Thursday, May 15, 2008

Rhythm and Writing

Posted by Lynne Griffin

Just for a bit of inspiration, I dipped into Joyce Carol Oates, The Faith of a Writer. Battling a cold, I'd taken to my bed with her book, the novel I'm rereading--A Separate Peace--and a new book of writing exercises called, Naming the World, edited by Bret Anthony Johnston.

In an essay on inspiration, Oates quotes Virginia Woolf. She'd written about the connection between style and rhythm in one of her many letters, analyzing the complexities of the writer's life. I took pause when I read the following:

A sight, an emotion, creates this wave in the mind, long before it makes words to fit it; and in writing...one has to recapture this, and set this working and then, as it breaks and tumbles in the mind, it makes words to fit in.
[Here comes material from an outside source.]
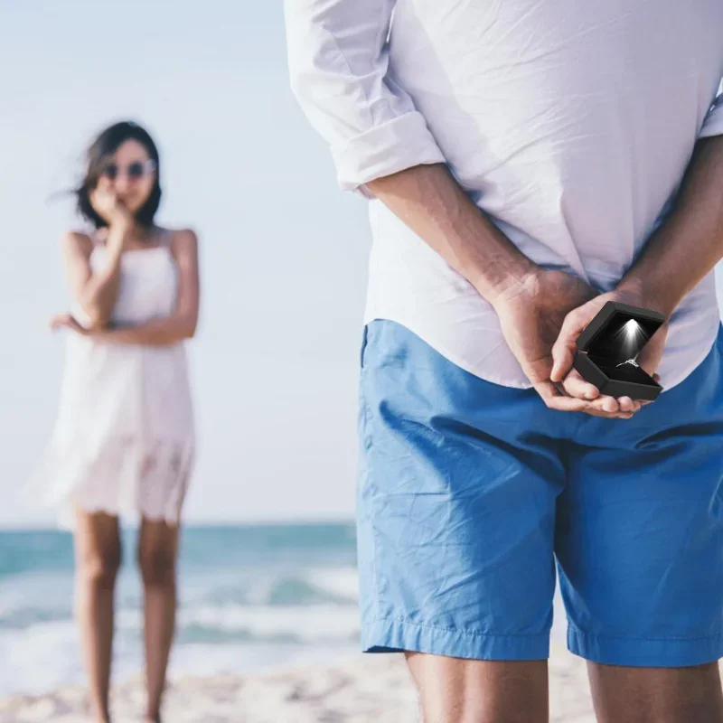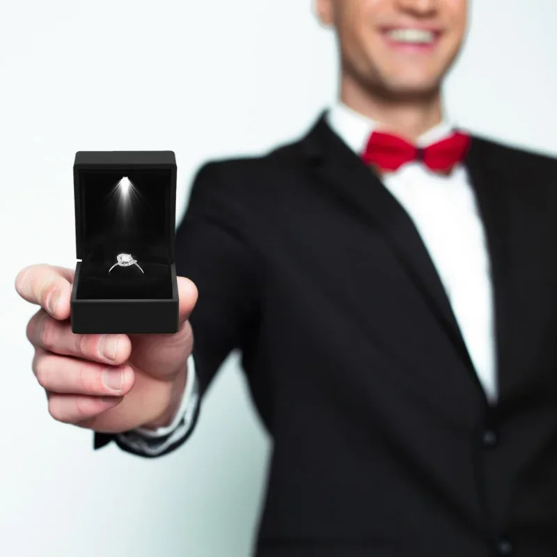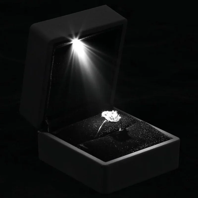 Une petite lumière LED est installée dans la boîte. Lorsque celle-ci est ouverte, elle émet une lumière blanche, ce qui rend les bijoux plus éblouissants et l’anneau scintillant toujours visible.

I really connected to this passage, in love with thinking about inspiration as a wave. Ripples, seas, and swells are waves of varying intensity. The process of writing, for me, begins with feeling some kind of disturbance--whether it's taking notice of some sensory detail or acknowledging a feeling--which leads to a transfer of energy in space and time. This breaking and tumbling that Woolf refers to, begs to be captured in words and phrases, sentences and paragraphs.

Moving on to Bret Anthony Johnston's, Naming the World, I noticed an essay by Paul Lisicky called, All about Rhythm. I turned to page 286, and it began with the same Woolf quote highlighted above. Don't you love when the Muse hits you on the head, urging you to learn something new about writing? The same quote placed before me in a matter of an hour, sent me on a quest to find out more about waves.

Waves are born when wind meets water. Speed and distance and time are the variables that influence formation of what's called a fetch. I'll make the leap and say I believe rhythm in writing is formed with the right combination of pace, and psychic distance (how close or far the writing is to the reader) and word combinations. In Lisicky's essay, he says the master of rhythm is the poet. He asserts that if a writer is to find the rhythm--the break and tumble of waves brought forth on the page--one needs to be:

...more deeply aware of pauses, sentence length, stops, even alliteration and assonance in the prose...open ourselves up to our own rhythms--the patterns of our everyday speech, the quirkiness of the way we move and walk--and carry those over to the lives of our invention.

So today, as I delve into writing my work-in-progress, I'm going to be thinking about waves. The way they spill and roll, plunge and dump water on sand. Here's hoping I'll find my rhythm, a surging type of wave; one that will knock my readers over and drag them deeper into my story.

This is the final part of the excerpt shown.